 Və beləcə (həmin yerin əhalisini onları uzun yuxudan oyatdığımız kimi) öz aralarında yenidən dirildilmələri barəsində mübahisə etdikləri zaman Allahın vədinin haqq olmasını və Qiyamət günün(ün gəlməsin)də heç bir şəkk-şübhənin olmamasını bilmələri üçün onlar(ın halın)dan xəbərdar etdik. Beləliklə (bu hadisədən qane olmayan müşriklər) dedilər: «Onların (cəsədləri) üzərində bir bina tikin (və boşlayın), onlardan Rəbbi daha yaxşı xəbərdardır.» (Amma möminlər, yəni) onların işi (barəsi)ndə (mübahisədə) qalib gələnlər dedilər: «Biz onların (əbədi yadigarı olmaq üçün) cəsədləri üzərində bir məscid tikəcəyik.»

•••••

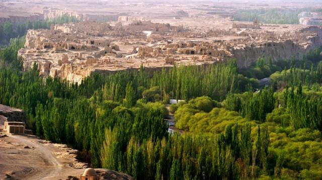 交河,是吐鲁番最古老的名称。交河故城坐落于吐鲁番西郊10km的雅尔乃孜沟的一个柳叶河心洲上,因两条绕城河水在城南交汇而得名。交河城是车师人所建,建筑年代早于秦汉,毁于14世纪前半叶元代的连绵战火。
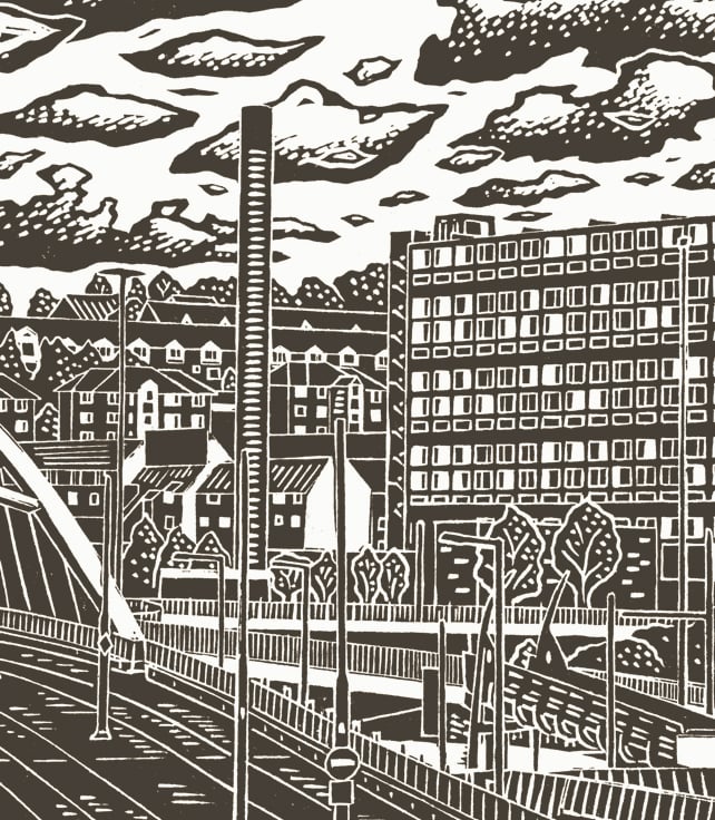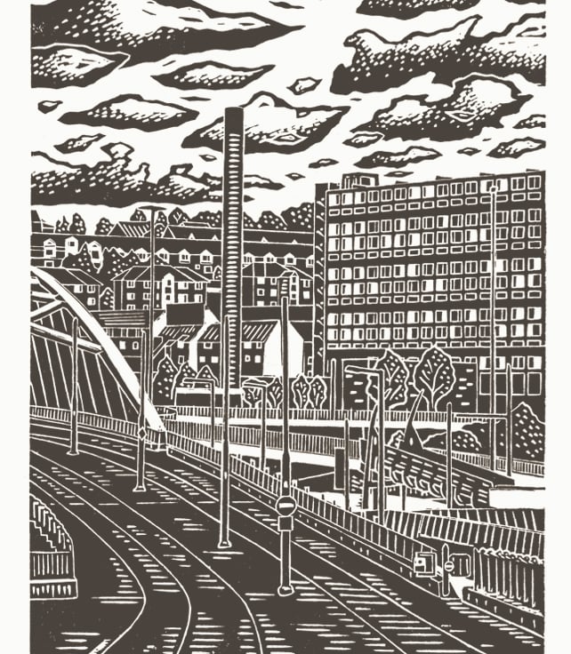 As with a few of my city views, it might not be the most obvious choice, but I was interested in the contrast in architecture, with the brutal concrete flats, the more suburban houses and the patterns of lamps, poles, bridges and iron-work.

•••••

- **WORK TO BE COMPLETED**: Using the data above, output the line that has "交河,是吐鲁番最古老的名称。", the line that has "As with a few", and whatever lines fall between, each exactly as it stands and without pictures.

- **ANSWER SPACE**:
 交河,是吐鲁番最古老的名称。交河故城坐落于吐鲁番西郊10km的雅尔乃孜沟的一个柳叶河心洲上,因两条绕城河水在城南交汇而得名。交河城是车师人所建,建筑年代早于秦汉,毁于14世纪前半叶元代的连绵战火。
 As with a few of my city views, it might not be the most obvious choice, but I was interested in the contrast in architecture, with the brutal concrete flats, the more suburban houses and the patterns of lamps, poles, bridges and iron-work.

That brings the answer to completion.